**Given records:**
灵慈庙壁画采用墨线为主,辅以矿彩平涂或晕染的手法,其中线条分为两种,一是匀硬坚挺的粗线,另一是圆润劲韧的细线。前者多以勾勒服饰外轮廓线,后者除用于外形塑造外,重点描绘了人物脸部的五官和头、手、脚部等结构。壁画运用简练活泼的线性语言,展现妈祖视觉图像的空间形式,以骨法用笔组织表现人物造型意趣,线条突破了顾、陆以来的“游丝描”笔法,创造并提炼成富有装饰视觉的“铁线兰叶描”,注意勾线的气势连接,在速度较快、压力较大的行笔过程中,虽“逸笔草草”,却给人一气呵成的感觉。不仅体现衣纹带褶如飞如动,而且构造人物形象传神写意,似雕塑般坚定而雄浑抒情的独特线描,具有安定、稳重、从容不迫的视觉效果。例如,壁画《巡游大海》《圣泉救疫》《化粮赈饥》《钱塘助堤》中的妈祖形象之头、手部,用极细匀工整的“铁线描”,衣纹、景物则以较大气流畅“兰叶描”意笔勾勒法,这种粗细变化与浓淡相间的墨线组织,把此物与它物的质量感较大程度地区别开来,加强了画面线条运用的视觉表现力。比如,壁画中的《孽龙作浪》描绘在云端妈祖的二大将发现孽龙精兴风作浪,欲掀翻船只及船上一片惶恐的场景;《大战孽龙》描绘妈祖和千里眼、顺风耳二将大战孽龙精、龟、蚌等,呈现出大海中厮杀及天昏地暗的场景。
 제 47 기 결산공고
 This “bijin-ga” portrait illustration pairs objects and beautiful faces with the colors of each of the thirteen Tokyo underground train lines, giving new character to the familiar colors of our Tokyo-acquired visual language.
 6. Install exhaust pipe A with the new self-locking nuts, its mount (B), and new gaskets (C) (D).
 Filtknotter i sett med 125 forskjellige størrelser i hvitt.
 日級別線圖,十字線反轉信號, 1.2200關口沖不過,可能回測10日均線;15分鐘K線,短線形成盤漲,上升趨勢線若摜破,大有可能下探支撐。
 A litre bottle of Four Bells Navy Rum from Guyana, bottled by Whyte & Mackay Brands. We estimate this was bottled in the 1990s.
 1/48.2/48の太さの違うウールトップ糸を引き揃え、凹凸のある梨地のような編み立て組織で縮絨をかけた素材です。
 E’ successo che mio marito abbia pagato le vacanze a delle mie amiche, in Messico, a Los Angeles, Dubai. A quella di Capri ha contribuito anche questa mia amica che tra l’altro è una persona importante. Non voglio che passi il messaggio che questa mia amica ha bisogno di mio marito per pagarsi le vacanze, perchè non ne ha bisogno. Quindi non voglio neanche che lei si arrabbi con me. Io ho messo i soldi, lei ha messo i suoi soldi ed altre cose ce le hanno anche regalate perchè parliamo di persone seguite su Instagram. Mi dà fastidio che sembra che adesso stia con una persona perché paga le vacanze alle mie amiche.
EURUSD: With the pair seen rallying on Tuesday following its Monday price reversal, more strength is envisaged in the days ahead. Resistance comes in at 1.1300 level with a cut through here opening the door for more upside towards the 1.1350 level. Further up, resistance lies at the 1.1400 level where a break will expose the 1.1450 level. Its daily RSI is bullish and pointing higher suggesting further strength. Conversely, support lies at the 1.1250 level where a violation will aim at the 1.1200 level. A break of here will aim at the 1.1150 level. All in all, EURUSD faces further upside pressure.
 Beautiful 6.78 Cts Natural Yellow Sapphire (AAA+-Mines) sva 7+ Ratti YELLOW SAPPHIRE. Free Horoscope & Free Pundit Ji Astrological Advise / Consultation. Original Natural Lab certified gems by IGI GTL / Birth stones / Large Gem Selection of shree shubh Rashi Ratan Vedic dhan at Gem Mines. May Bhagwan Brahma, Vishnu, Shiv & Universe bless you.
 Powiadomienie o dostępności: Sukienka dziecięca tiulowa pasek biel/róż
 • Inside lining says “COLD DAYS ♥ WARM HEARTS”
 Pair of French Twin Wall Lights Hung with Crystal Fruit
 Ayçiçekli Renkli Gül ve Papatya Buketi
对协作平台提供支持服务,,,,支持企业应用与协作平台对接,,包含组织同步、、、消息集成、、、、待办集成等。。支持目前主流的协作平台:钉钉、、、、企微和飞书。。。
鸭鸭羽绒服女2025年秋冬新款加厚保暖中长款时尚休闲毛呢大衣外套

**Work item:** Look through the data above and return exactly the lines from the one that contains "A litre bottle" to the one that contains "Beautiful 6.78 Cts", inclusive, with nothing else.

**Response area:**
 A litre bottle of Four Bells Navy Rum from Guyana, bottled by Whyte & Mackay Brands. We estimate this was bottled in the 1990s.
 1/48.2/48の太さの違うウールトップ糸を引き揃え、凹凸のある梨地のような編み立て組織で縮絨をかけた素材です。
 E’ successo che mio marito abbia pagato le vacanze a delle mie amiche, in Messico, a Los Angeles, Dubai. A quella di Capri ha contribuito anche questa mia amica che tra l’altro è una persona importante. Non voglio che passi il messaggio che questa mia amica ha bisogno di mio marito per pagarsi le vacanze, perchè non ne ha bisogno. Quindi non voglio neanche che lei si arrabbi con me. Io ho messo i soldi, lei ha messo i suoi soldi ed altre cose ce le hanno anche regalate perchè parliamo di persone seguite su Instagram. Mi dà fastidio che sembra che adesso stia con una persona perché paga le vacanze alle mie amiche.
EURUSD: With the pair seen rallying on Tuesday following its Monday price reversal, more strength is envisaged in the days ahead. Resistance comes in at 1.1300 level with a cut through here opening the door for more upside towards the 1.1350 level. Further up, resistance lies at the 1.1400 level where a break will expose the 1.1450 level. Its daily RSI is bullish and pointing higher suggesting further strength. Conversely, support lies at the 1.1250 level where a violation will aim at the 1.1200 level. A break of here will aim at the 1.1150 level. All in all, EURUSD faces further upside pressure.
 Beautiful 6.78 Cts Natural Yellow Sapphire (AAA+-Mines) sva 7+ Ratti YELLOW SAPPHIRE. Free Horoscope & Free Pundit Ji Astrological Advise / Consultation. Original Natural Lab certified gems by IGI GTL / Birth stones / Large Gem Selection of shree shubh Rashi Ratan Vedic dhan at Gem Mines. May Bhagwan Brahma, Vishnu, Shiv & Universe bless you.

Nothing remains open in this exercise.